ASIA ABS EXTENDS GAINS ON BUOYANT FEEDSTOCK
Spot prices of acrylonitrile-butadiene-styrene (ABS) resin prices gained further ground, rising around $30/tonne (€21/tonne) last week, riding on the continued surge in feedstock costs, industry sources said last week. Demand in the key Chinese market, however, was softer as the manufacturing season for exports is at its tail end. ABS prices were at $2,150-2,180, up from around $2,120-2,150 last week. Traders reported smaller volumes being traded in recent weeks as end-users were buying on a need basis.

SINGAPORE SETS UP CHEMICAL MEASUREMENT
Singapore has set up infrastructure that will allow the accurate measurement of chemicals used in various industries, and to ensure it complies with international standards, according to the city-state's Agency for Science, Technology and Research (A*STAR).

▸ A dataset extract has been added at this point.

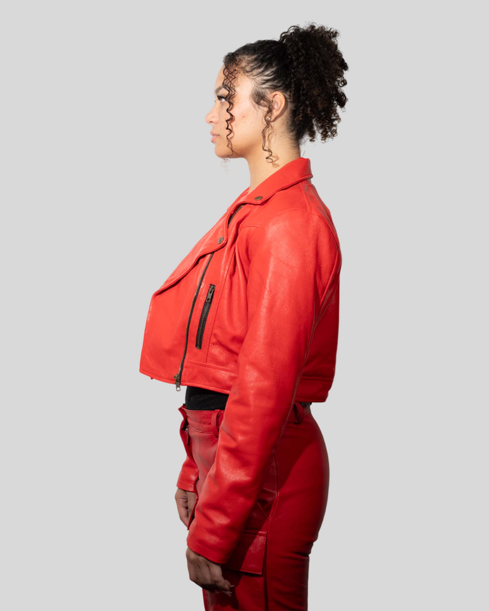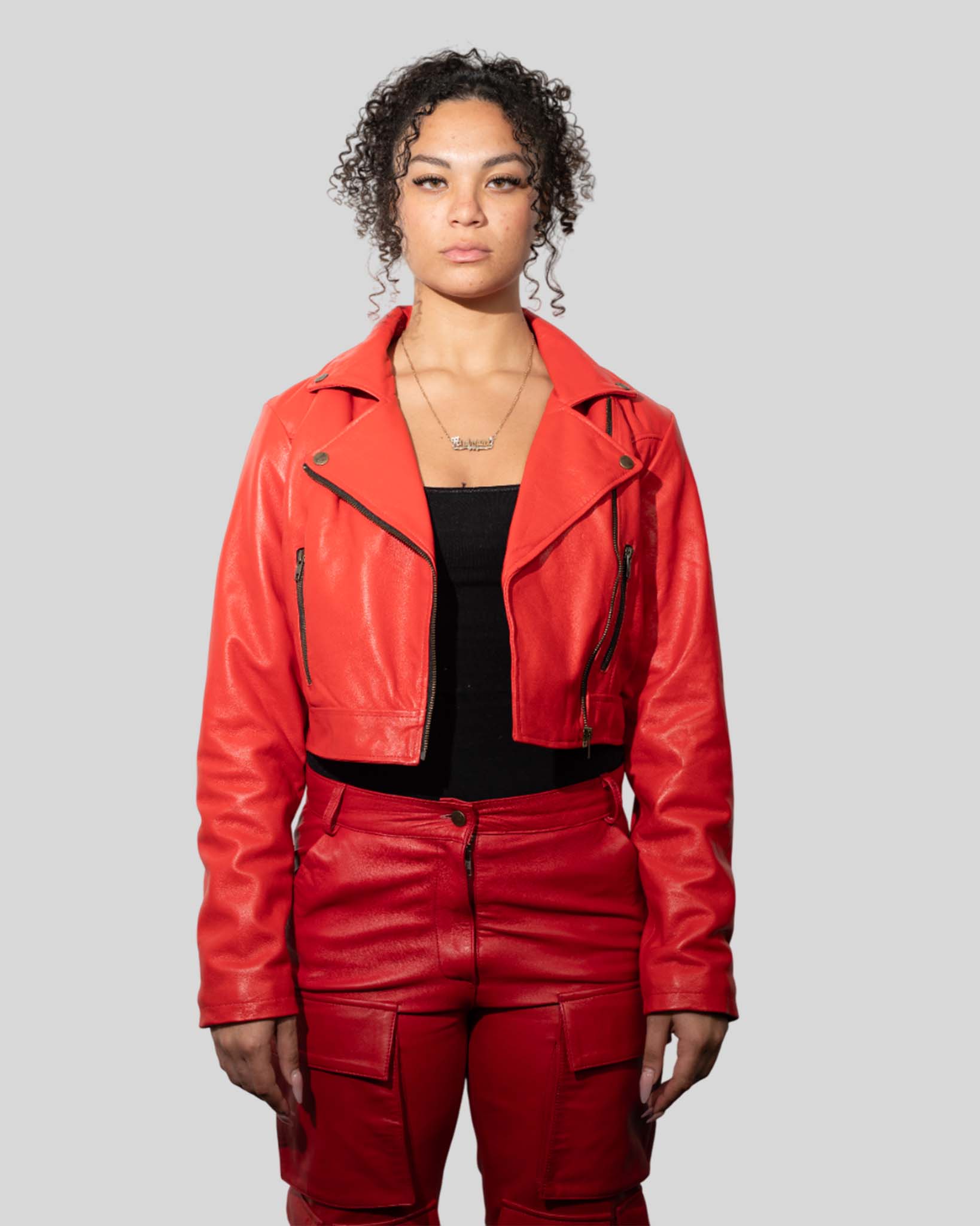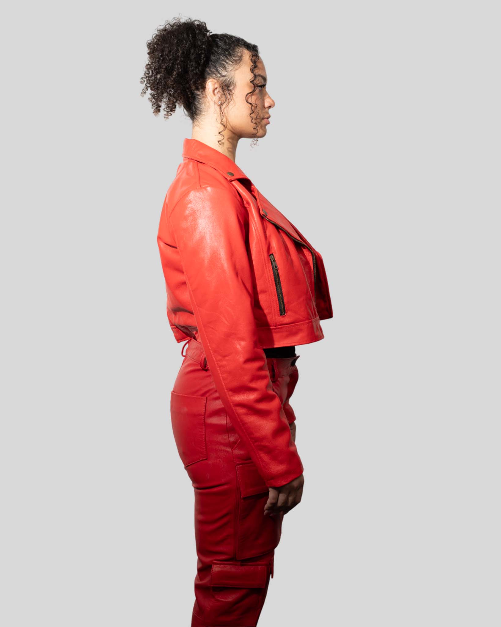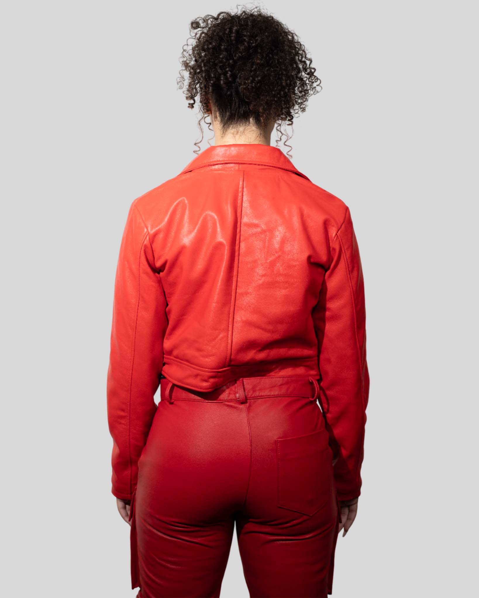 Red Leather Jacket And Red Leather Cargo Pants For Women – Red Leather Suit Set For Womens

The new infrastructure, called Metrology in Chemistry, should provide local enterprises "the critical advantage" to access international markets for chemicals, food, pharmaceutical, medical and health-care products and services, according to a statement.

SINOPEC SHIJIAZHUANG TO EXPAND CAPROLACTAM
China's Sinopec Shijiazhuang Refining & Chemical plans to expand its 160,000 tonne/year caprolactam (capro) plant to 200,000 tonnes/year by 2015, a company source said last week. The plant, located in Hebei, is operating at 70% of its nameplate capacity, he added. "Caprolactam supply is tight in China at this juncture," said a market player, in Mandarin. Demand for capro is strong because of the nylon manufacturing season, and a slew of turnarounds have driven up prices to $2,730-2,740/tonne (€1,966-1,973/tonne) CFR (cost and freight) NE (northeast) Asia last week from $2,680-2,720/tonne.

CLARIANT'S Q3 NET PROFIT RISES TO SWFR109M
Switzerland-based specialty chemical firm Clariant's third-quarter net profit surged to Swiss francs (Swfr) 109m ($110.6m, €79.6m) from Swfr25m last year, partly on the back of a one-off tax gain of Swfr45m. Sales for the three months to September totalled Swfr1.71bn, up from Swfr1.69bn in the year-ago period, with operating income before exceptional items increasing 70% to Swfr182m. In its outlook, the company said that it expected trading conditions to remain stable for the remainder of the year, with raw material costs likely to rise further at a lower pace as compared to the first nine months of the year.

DOW TO BUILD ELECTRONIC MATERIALS PLANT IN CHINA
US-based Dow Chemical plans to build an electronic materials plant at its Zhangjiagang site near Shanghai. Construction will start later this year, and operations should start near the end of 2011. The plant will produce materials for the electronic-finishing, industrial-finishing, photovoltaic and printed-circuitboard markets. Dow has a similar plant in Dongguan, Guangdong, which serves customers in southern and western China.

BREAKS GROUND ON VIETNAM ACRYLICS PLANT
Dow Chemical has broken ground on an acrylic and styrene-acrylic polymers plant in Dong Nai province in southern Vietnam. The plant, expected to start production in September 2011, will help Dow meet growing demand from Vietnam-based paint and coatings manufacturers. More than 90% of the plant's capacity will be sold to Vietnam-based customers, the majority of which were multinational companies, said Yoke Loon Lim, general manager for Southeast Asia with the company's Dow Advanced Materials unit.